The weakness in this data, which is released weekly on Wednesdays, is a key component for why gasoline futures traded on the New York Mercantile Exchange dropped steadily since early July, diving to a 6-1/2 month low August 18 at $2.6374 gallon. The NYMEX Reformulated Blendstock for Oxygenate Blending futures contract quickly added more than a dime in value from the low through August 22 on a spate of unit outages at refineries.

The data is an implied consumption figure because it measures the difference of existing stocks, new domestic output and imports against exports and week-ending inventory. The difference is the quantity of gasoline before reaching retail outlets, so doesn’t reflect actual consumption by end users.

An August 19 report from MasterCard SpendingPulse said gasoline consumption over the summer is up 1.6% from a year ago. The technology company derives the consumption data from aggregate sales activity on its payment network at retail outlets and estimates all other payment forms, including cash and check. The 1.6% increase is within the report’s margin of error.

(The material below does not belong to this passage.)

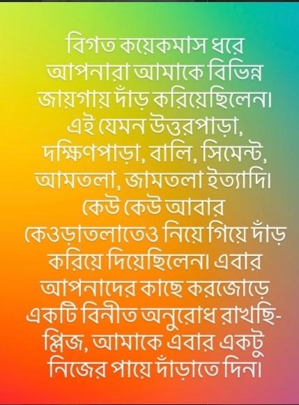 ইমনের কণ্ঠ মানেই এক আলাদা আবহ, এক ধরনের নির্ভেজাল আবেগ। সেই ইমন চক্রবর্তী-কে ঘিরেই হঠাৎ করে তৈরি হয়েছিল রাজনৈতিক উত্তেজনা। শোনা গিয়েছিল, হুগলির উত্তরপাড়া বিধানসভা আসন থেকে তাঁকে প্রার্থী করার প্রস্তাব দিয়েছে তৃণমূল। সেই গুঞ্জনের উপর ভর করেই নানা কটাক্ষ ধেয়ে এসেছিল ইমনের সোশাল মিডিয়ায়। এমনকী, রাজ্য সরকারের বঙ্গবিভূষণ পুরস্কার পাওয়ার পর, ইমনকে শুনতে হয়েছিল চটি চাটা কটাক্ষও।আসন্ন বিধানসভা নির্বাচনে তৃণমূলের প্রার্থী ঘোষণা হওয়ার পর স্পষ্ট হল, ইমন ভোটে দাঁড়াচ্ছেন না। আর সোশাল মিডিয়ায় প্রতিক্রিয়া দিয়ে ইমন নিজের অবস্থান স্পষ্ট করে দিলেন।সোশাল মিডিয়ায় ইমন লিখলেন, ”বিগত কয়েকমাস ধরে আপনারা আমাকে বিভিন্ন জায়গায় দাঁড় করিয়েছিলেন। এই যেমন, উত্তরপাড়া, দক্ষিণপাড়া, বালি, সিমেন্ট, আমতলা, জামতালা, ইত্য়াদি। কেউ কেউ আবার কেওড়াতলাতেও নিয়ে গিয়ে দাঁড় করিয়ে দিয়েছিলেন। এবার আপনাদের করজোড়ে একটি বিনীত অনুরোধ রাখছি, প্লিজ আমাকে নিজের পায়ে দাঁড়াতে দিন।”

Then there’s the Monthly Statistical Report from the American Petroleum Institute released August 21 reporting a 1% increase in gasoline deliveries in July compared with 2013 at 9.1 million bpd, a four-year high in demand for a July, although down 1.9% from June. This compares with EIA data showing implied demand during July averaged 9.03 million bpd, 50,800 bpd or 0.6% less than during July 2013.

API, a national trade group, uses a smaller sampling of data then the EIA, so the EIA data is considered more definitive. Still, the EIA data makes assumptions in its export data which it sources from the Commerce Department monthly.

Both the MasterCard SpendingPulse and API reports boosted expectations for US gasoline demand for the remaining days of the 2014 driving season, bolstered by ongoing data points showing the US economy, including the labor market, is making gains. The improving market sentiment for gasoline demand was also supported by AAA Travel, which forecasts 29.7 million Americans would journey 50 miles or more from home during the coming Labor Day holiday, defined from August 28 through September 1, accounting for 86% of all travelers. That’s up 1.4% from the 2013 Labor Day holiday.

The decline to a 6-1/2 month low by NYMEX RBOB futures came with a 6.8% drop in the net-long position by noncommercial traders also referred to as speculators since they are not hedging a physical position in the market. A long position is taken when the participant expects prices to move higher. The long liquidation came with higher open interest, meaning more trade volume and conviction. It also exposes market participants to short position covering should the market rally.

Taken together, an improving sentiment for US gasoline demand and expected lower refiner output amid unit repairs and maintenance joined by the selloff in futures could boost gasoline prices heading into Labor Day. Supplier postings for gasoline at wholesale distribution terminals are directed by the spot market which trades in a cash differential or a basis against the futures market.